The catch and kill season is harder on the brood stock no matter how you slice it. If we are truely concerned about the health of a fish species we would regulate the catch and kill season more and leave the c&r anglers alone. Just my opinion.


----------



## dreadK (Oct 10, 2009)

I'll support whatever policy is backed up by the hardest science and places the greatest equity on all classes of fishermen (e.g. catch&release, catch&kill, commercial). By equity I mean imposing restrictions on some sort of "effect" basis. If pre-season rockfishing can not be shown to have a demonstrated effect that's greater then the catch and kills season, for example, then it shouldn't be singled out. Personally, I don't fish the pre-season...but why waste time implementing a regulation that's not outcome based. I'm open to regulating most things if it's necessary, as long as its outcome based. Sometimes we have to sacrifice, but it should be for a good reason....not because someone has a hunch. I want to see more info that QUANTIFIES the impact of the various seasons and info that allows you to compare those impacts.


----------



## Tracker16 (Feb 16, 2009)

AtlantaKing said:


> In and of itself, not fishing for pre-spawn fish if you can't keep them is not a bad idea. As the Chesapeake is the spawning ground for a major population of the striped bass in the mid-Atlantic region, there should be a fisheries wide moratorium on striped bass before the season opens: no commercial fishing for them, no recreational fishing for them, no trolling, no bait, nothing. The brood stock need to be protected.


I hear what you're saying AK but that would mean NO FISHING in the bay until trophy season starts. Sorry but that's not gonna fly. Stripers aren't the only fish people target in the spring so how would DNR enforce a 'no fishing for stripers law' ?? You are always going to have bycatch. What else can you do but release them right away?

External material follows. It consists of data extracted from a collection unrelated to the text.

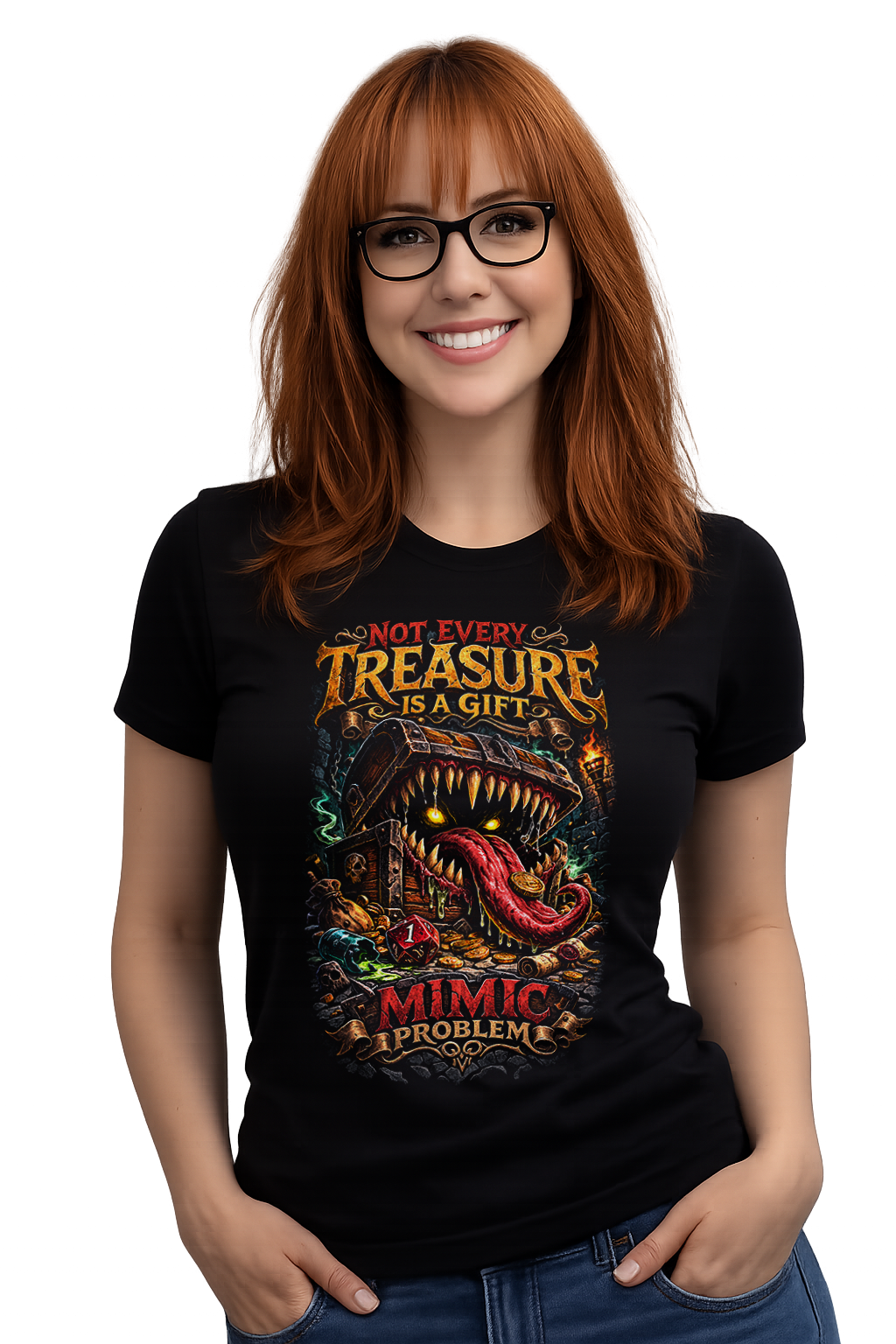 Camiseta RPG D20 Mimic Baú Monstro Fantasia Chest Gamer Geek Nerd roll for adventure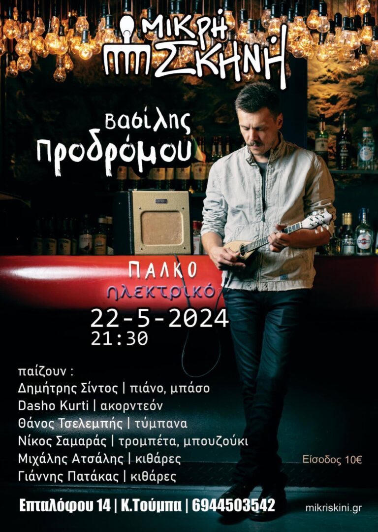 Συνέντευξη με τον μουσικό Βασίλη Προδρόμου με αφορμή τη μουσική παράσταση “Πάλκο ηλεκτρικό” στη Μικρή Σκηνή (Θεσσαλονίκη) την Τετάρτη 22/5/24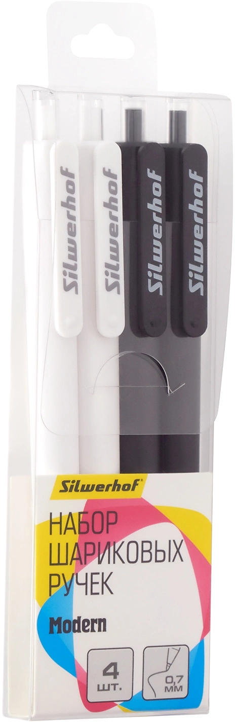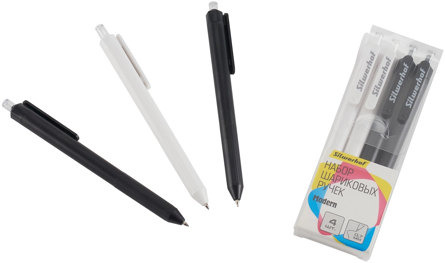 Набор ручек шариков. автоматическая Silwerhof NG Modern d=0.7мм син. черн. блистер ев. (4шт)
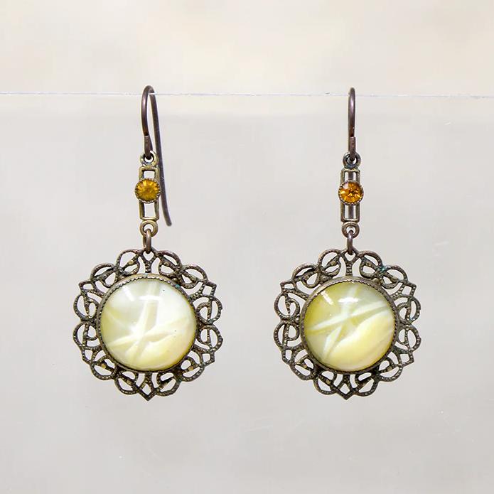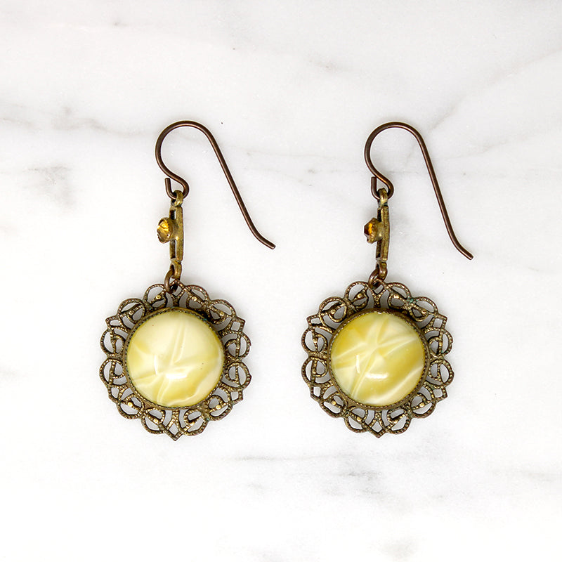 Yellow Art Glass & Brass Filigree Drop Earrings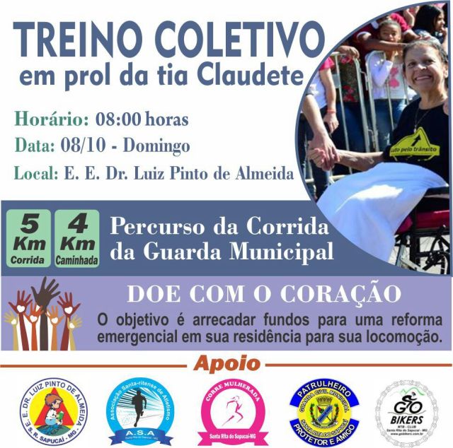 Teremos um Treino Coletivo em Prol da Tia Claudete (que teve a perna amputada no acidente de trânsito).

I just reviewed NOAA Fisheries data for Striped bass taken in MD and compared it to MD DNR's stats on commercial SB licenses issued. There are only 1231 commercial Striped bass fishing licenses issued period. In 2008 Comms caught 2,672,088lbs of Stripers While Recs caught 3,178,237 lbs. That means out of all the people licensed in MD (Comm&Rec) 1231 people were allowed to catch 44% of the all the Striped bass taken. Somethings broken here. Like I said earlier. You wanna protect the fishery?? Give Striped Bass *'Game Fish Status'*


----------



## surfnsam (Apr 28, 2008)

i think banning charter boats from going out before C&R season opens is a good idea. these guys go out with 15+ rods out, when they hook up the don't stop and fight a fish they keep going pulling the fish in while going 3-4 mph, this isn't good on the fish and they will just throw it back without reviving it. the mortality rate is something like 30%. the only thing these captains are doing is killing fish while trying to locate them. i am not saying we should ban rock fishing, just stop killing them needlessly, make these charter captains respect the rock and revive and release these breeders.


----------



## stonemason (Aug 4, 2006)

whats the difference in a trophy fish being killed during the spring or in the middle of the summer? fact it, neither will lay it's eggs.

so now to come out and say Marylanders cant even C&R for trophy bass, but the whole noreast can is not fair. If Noreasters didnt keep these huge fish, then they would come down and spawn too....


----------



## Nakedjeeper (Dec 22, 2008)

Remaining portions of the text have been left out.